Source material:
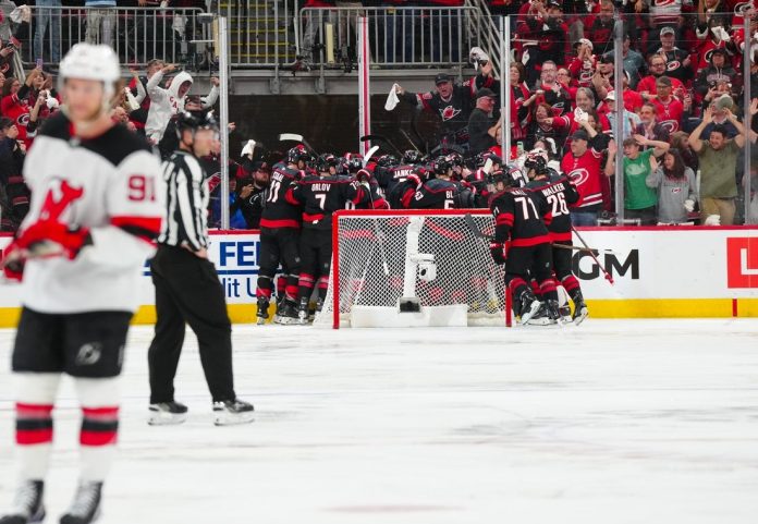 With less than a minute remaining on a high-sticking double minor to New Jersey’s Dawson Mercer, Aho beat goalie Jacob Markstrom with a one-timer from the right circle.
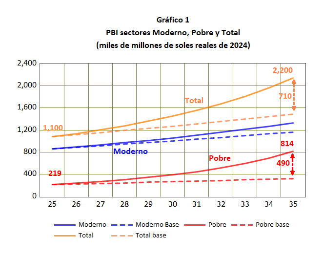 Al analizar por separado el sector moderno y el pobre, se puede apreciar el enorme impacto que puede tener el aumento de la productividad y la tasa de ahorro del sector pobre. Es urgente priorizar reformas orientadas a aumentar la inclusión financiera (fomento del ahorro), la formalización productiva, la educación técnica y la masiva extensión agrícola en las zonas con alto índice de pobreza. Además, es necesario una reasignación estratégica del gasto social, pasando de programas de alivio como Juntos o el uso ineficiente del Canon minero hacia instrumentos de inversión en capital humano y físico del sector pobre.
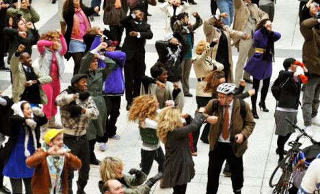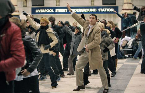 跳舞的人群中既有前来英国观光的旅行者,也有地铁站的工作人员,他们在一瞬间聚集,有组织的表演hip-pop、迪斯科或者舞厅舞步动作,几分钟后又都忽然解散。

Required action:
The expected output is the material above, repeated exactly and free of pictures.

Task solution:
 With less than a minute remaining on a high-sticking double minor to New Jersey’s Dawson Mercer, Aho beat goalie Jacob Markstrom with a one-timer from the right circle.
 Al analizar por separado el sector moderno y el pobre, se puede apreciar el enorme impacto que puede tener el aumento de la productividad y la tasa de ahorro del sector pobre. Es urgente priorizar reformas orientadas a aumentar la inclusión financiera (fomento del ahorro), la formalización productiva, la educación técnica y la masiva extensión agrícola en las zonas con alto índice de pobreza. Además, es necesario una reasignación estratégica del gasto social, pasando de programas de alivio como Juntos o el uso ineficiente del Canon minero hacia instrumentos de inversión en capital humano y físico del sector pobre.
 跳舞的人群中既有前来英国观光的旅行者,也有地铁站的工作人员,他们在一瞬间聚集,有组织的表演hip-pop、迪斯科或者舞厅舞步动作,几分钟后又都忽然解散。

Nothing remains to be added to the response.